* **What is needed**: Line by line, copy out the entries exactly and leave the pictures behind.

____ Material provided

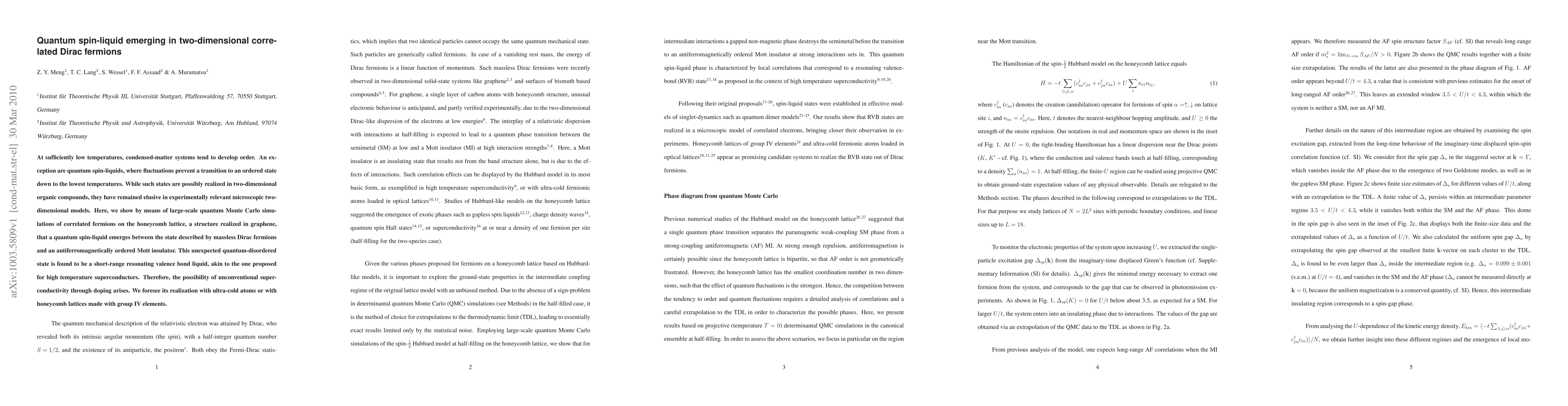 The research demonstrates the emergence of a quantum spin-liquid state in two-dimensional correlated Dirac fermions on a honeycomb lattice using quantum Monte Carlo simulations. This disordered state, akin to resonating valence bonds, suggests potential for unconventional superconductivity and is anticipated in systems like graphene or honeycomb lattices made with group IV elements.
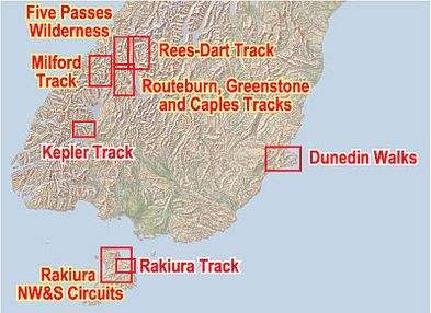 These popular tracks are in a dramatic landscape. The map portrays the full length of both tracks, as well as the Caples Track which lies between them. The tracks lie within the Fiordland National Park. The few road access points are shown.
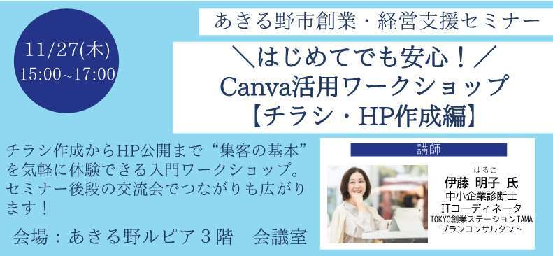 【受付終了】あきる野市創業・経営支援セミナー Canva活用ワークショップ
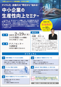 デジタル化・自動化を明日から始める!「中小企業の生産性向上セミナー」
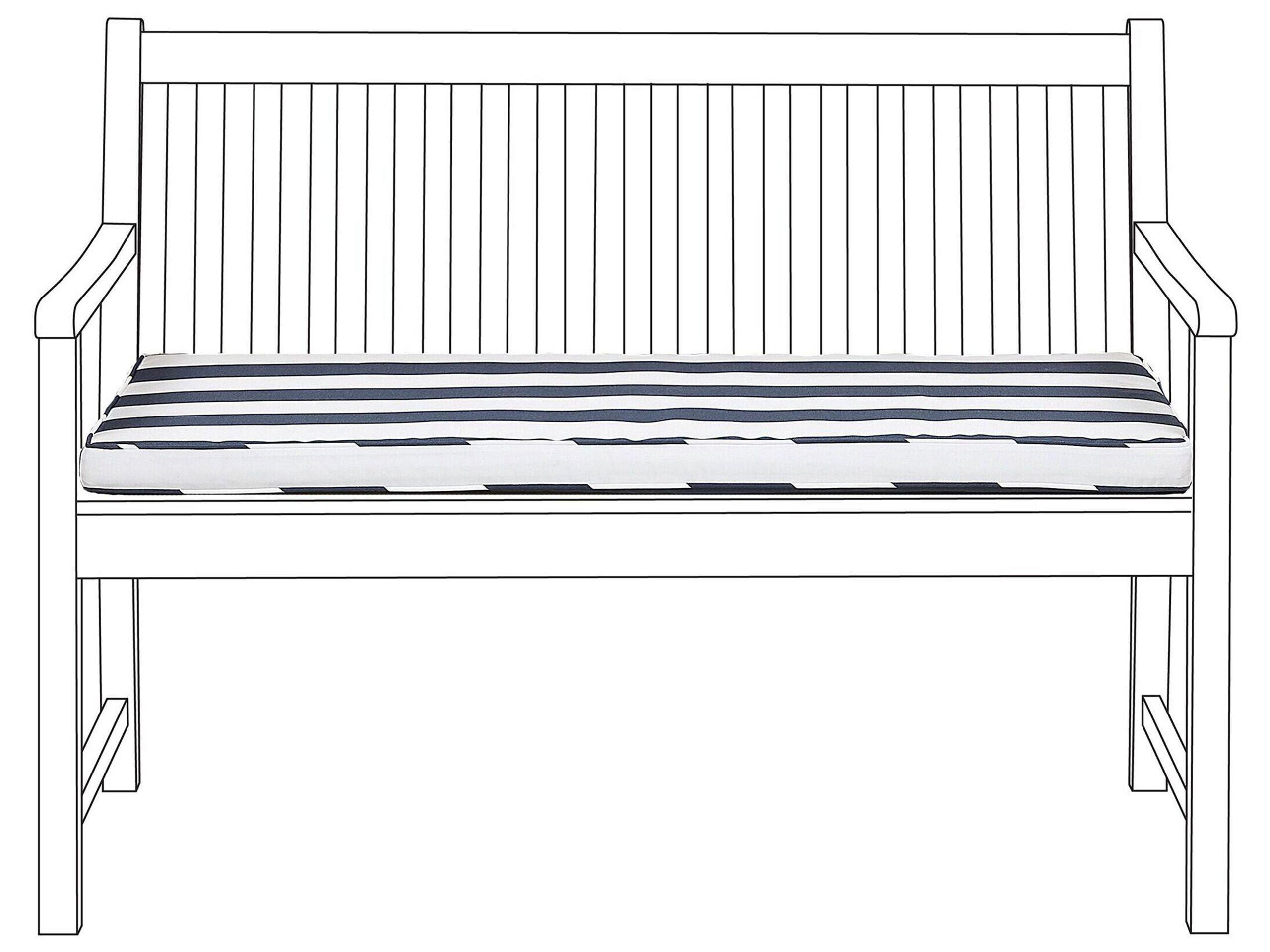 Moderne Bankauflage im maritimen Look mit Reissverschluss. Das angesagte Streifenmuster kreiert eine wohlige Atmosphäre und macht das Sitzkissen zum unersetzlichen Bestandteil Ihrer ganz persönlichen Gartenoase. Die dicke Polsterung sorgt für sehr hohen Komfort und lässt jede Kaffee- oder Buchstunde zu einem Vergnügen werden. Mit den praktischen Befestigungsbändern kann die Auflage nicht nur einfach angebracht werden, sie kann auch nicht verrutschen und trotzt so jedem sommerlichen Windhauch. Dank verstecktem Reissverschluss ist ihr Bezug abzieh- und waschbar.

________

* **Answer for the task**:
 The research demonstrates the emergence of a quantum spin-liquid state in two-dimensional correlated Dirac fermions on a honeycomb lattice using quantum Monte Carlo simulations. This disordered state, akin to resonating valence bonds, suggests potential for unconventional superconductivity and is anticipated in systems like graphene or honeycomb lattices made with group IV elements.
 These popular tracks are in a dramatic landscape. The map portrays the full length of both tracks, as well as the Caples Track which lies between them. The tracks lie within the Fiordland National Park. The few road access points are shown.
 【受付終了】あきる野市創業・経営支援セミナー Canva活用ワークショップ
 デジタル化・自動化を明日から始める!「中小企業の生産性向上セミナー」
 Moderne Bankauflage im maritimen Look mit Reissverschluss. Das angesagte Streifenmuster kreiert eine wohlige Atmosphäre und macht das Sitzkissen zum unersetzlichen Bestandteil Ihrer ganz persönlichen Gartenoase. Die dicke Polsterung sorgt für sehr hohen Komfort und lässt jede Kaffee- oder Buchstunde zu einem Vergnügen werden. Mit den praktischen Befestigungsbändern kann die Auflage nicht nur einfach angebracht werden, sie kann auch nicht verrutschen und trotzt so jedem sommerlichen Windhauch. Dank verstecktem Reissverschluss ist ihr Bezug abzieh- und waschbar.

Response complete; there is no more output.